Sustainable Investing: What Types of Investments Should You Avoid?

Socially responsible investment (SRI) is a step further than ESG investing, as it eliminates or adds investments based on specific ethical considerations. For instance, an investor could choose to avoid any investment fund or exchange-traded fund (ETF) that holds shares in firearms manufacturers. Alternatively, an investor could try to allocate a fixed proportion of their portfolio to companies that donate a high proportion of their profits to charitable causes.

Sustainable investing

has become increasingly popular due to the demand of millennials and impact investors who are concerned with ethical investing or financing companies with intrinsic values that have a positive impact and drive change.

Sustainable investment refers to a series of practices in which investors seek to obtain financial returns and, at the same time, promote long-term environmental or social value. If you're new to investing and want to invest your money in causes that matter to you, SRI may be a good option. Institutional investors have developed sustainable investment strategies due to the demand from fund beneficiaries and other stakeholders. There are some lessons they should consider about how to define their approaches and maximize the benefits of sustainable investment.

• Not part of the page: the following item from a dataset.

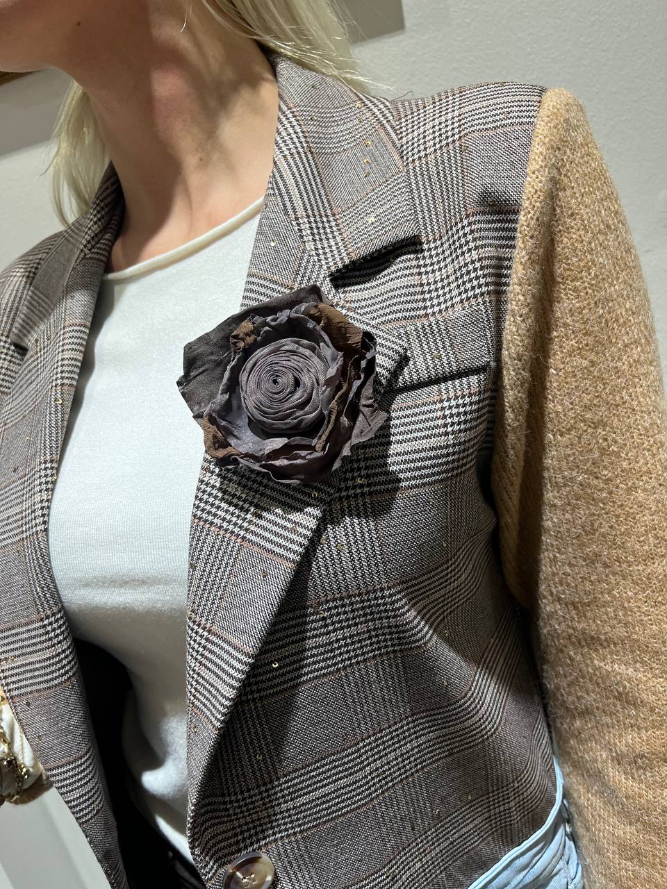 Questa giacca unica unisce il classico motivo a quadri a un design moderno e asimmetrico. La parte principale della giacca, con una stampa check, è realizzata in una miscela di materiali. A contrasto, le maniche presentano un tessuto in maglia morbida. I dettagli aggiungono un tocco di eleganza: una chiusura con un solo bottone e una spilla a fiore in tessuto applicata sul revers.

Researchers are continuing to explore the relationships between ESG performance and corporate financial performance, as well as between ESG investment strategies and investment returns. If you're willing to pay a little more, you could benefit from having personalized investment strategies and a professional to manage your investments. Completing an online course focused on sustainable investment can be an effective way for individuals or business leaders to quickly gain the knowledge and skills they need to succeed. For example, the Canadian Pension Plan Investment Board hired a senior investment professional as director of ESG.

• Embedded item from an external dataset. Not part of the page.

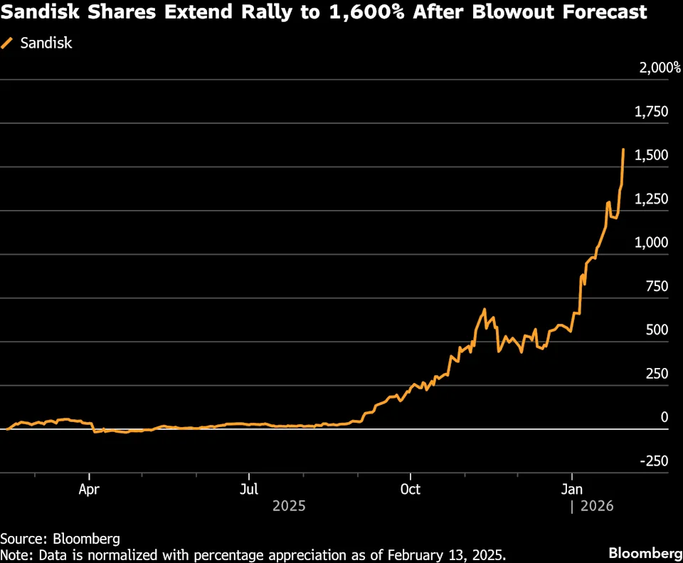 FX168財經報社(北美)訊 數字存儲公司閃迪(Sandisk Corp.)強勁的營收與盈利指引,推動其延續「狂飆」走勢,鞏固其在標普500指數中年內表現最佳個股的地位。隨着市場資金從「砸錢建AI」的科技巨頭,轉向真正受益於AI基礎設施投入的產業鏈環節,存儲與記憶體板塊成爲新的追捧對象,而Sandisk被視爲這一輪「數據中心/AI週期」的核心受益者之一。#AI熱潮:從芯片到資本的競賽#

Some investors, even the largest and most sophisticated, integrate ESG factors into their investment processes using techniques that are less rigorous and systematic than those used for other investment factors. Several European funds are exploring ways to link their sustainable investment strategies with the SDGs. Sustainable investment is less common in the United States (21.6 percent), Japan (3.4 percent) and Asian countries other than Japan (0.8 percent), but the gap is narrowing.